## Provided material

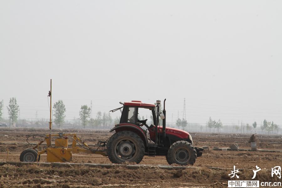 激光平整儀整理土地(央廣網(wǎng)記者 廉軍 攝)
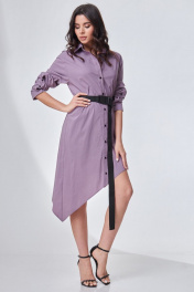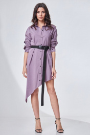 Эффектное женское платье подойдет для дружеской встречи или для свидания в кафе. В любой компании Вы точно будете выделяться из толпы. Платье прямого силуэта из хлопковой ткани с ассиметричной линией низа. Воротник рубашечного типа на притачной стойке. Перед платья с центральной застежкой на притачных планках на контрастные пуговицы. Спинка с кокеткой. Рукав втачной длинный, со спущенной плечевым срезом, понизу на притачной манжете с застежкой на пуговицу и декоративной планкой. В комплект входит пояс из стропы. Длина изделия: 55/90 см Длина рукава: 60 см
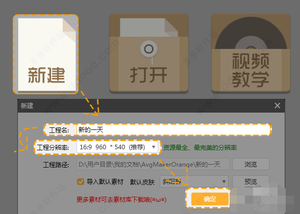 1、打开软件,点击【新建】,将工程名设置为【新的一天】,选择工程分辨率,点击【确定】。

## Exercise instructions
Line by line, write out the data above exactly, without the pictures.

## Task answer
 激光平整儀整理土地(央廣網(wǎng)記者 廉軍 攝)
 Эффектное женское платье подойдет для дружеской встречи или для свидания в кафе. В любой компании Вы точно будете выделяться из толпы. Платье прямого силуэта из хлопковой ткани с ассиметричной линией низа. Воротник рубашечного типа на притачной стойке. Перед платья с центральной застежкой на притачных планках на контрастные пуговицы. Спинка с кокеткой. Рукав втачной длинный, со спущенной плечевым срезом, понизу на притачной манжете с застежкой на пуговицу и декоративной планкой. В комплект входит пояс из стропы. Длина изделия: 55/90 см Длина рукава: 60 см
 1、打开软件,点击【新建】,将工程名设置为【新的一天】,选择工程分辨率,点击【确定】。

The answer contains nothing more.